Kunming FoodieKunming, Summer 2012

Let’s talk food, probably one of my greatest passions in life. As a poor college student, 80% of my budget goes to food and it’s a spending necessity that I never regret. Growing up in a Korean household, I was raised with colorful veggies, spicy sauces, and complex soups. Living in NYC also means that I’m constantly eating out at the best ethnic restaurants in the world. It was hard to stop daydreaming about all the different types of new food I would eat in Southeast Asia. I know that Yunnan, a culturally diverse, agriculturally rich area of China that borders Thailand, Laos, and Myanmar, wouldn’t disappoint.

The Yunnan province is known for spicy food, mushrooms, and flowers in their cuisine. Cold noodle dishes are very traditional here, as well as various tofu dishes. Unlike most of Asia (where there are many lactose-intolerant people), there is a very popular goat cheese that I’ve eaten fried or fresh with tomatoes. Just like the most of Asia, pork and veggies star frequently in most dishes.

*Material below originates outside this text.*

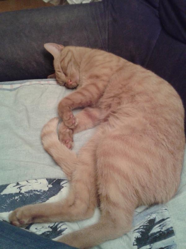 hier läuft ein dicker schwarz-weißer Kater rum. Hübsches Kerlchen mit Ramsnase und weißen Streifen drauf. Der stalkt sie sehr und sitzt auch immer noch auf der Terrassehier nun aber eine kleine Fotostrecke vom Willi er schläft so schön
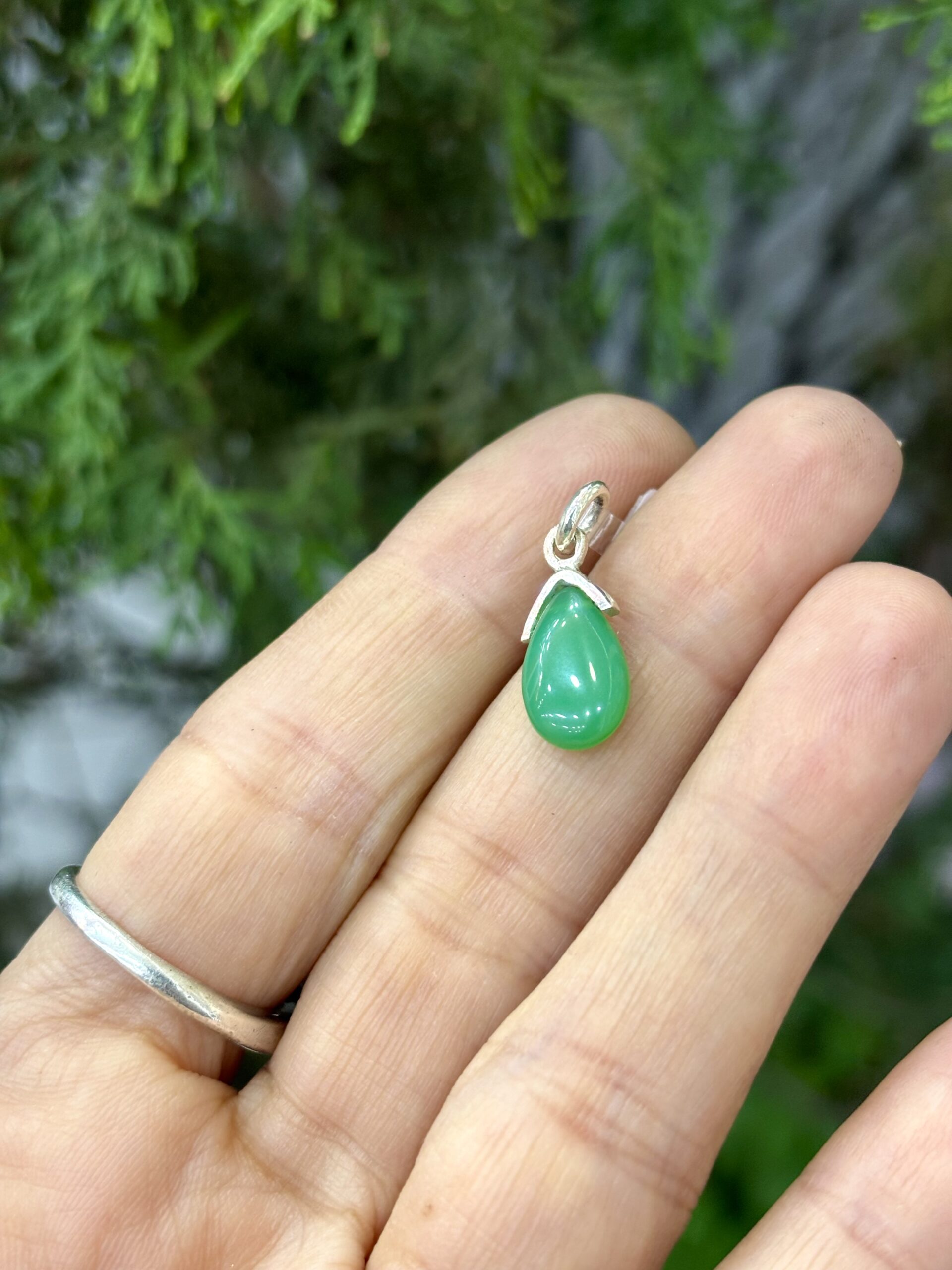 Krizopras Doğal Taş Gümüş Kolye Ucu

During orientation, IES took us out to some of Kunming’s best restaurants. From crickets to 1000-year-old eggs, literally every meal was different and delicious. Unfortunately, some of the pickier students have trouble experimenting with new things, which is a difficult situation to be in when you don’t know the language very well and it’s bad etiquette to refuse food. But for the most part, meals have been much enjoyed and one my favorite parts of the day. Traditionally, Chinese meals are all family-style, meaning that everyone sits around a table with a rotating lazy Susan. It’s an experience that really emphasizes a feeling of sharing and community. As dish after dish comes out, everyone goes around to pick up some food with their chopsticks. There is no such thing as my food or your food – a meal is eaten together and good conversation naturally follows.

Since we don’t have access to kitchens in our Yunnan hotel dorms, our small group usually goes out for meals together. Breakfast is usually a quick baozi, tea egg, or pastry from the bakery. Everyday after class, we all ask “Where should we go to eat?” and the answer is usually “Anywhere!” It’s great traveling with people who aren’t afraid to try local hole-in-the-wall restaurants and street food. Noodles, baozi (dumplings), bubble tea, tofu…I’m definitely going to miss the variety and availability of the food here.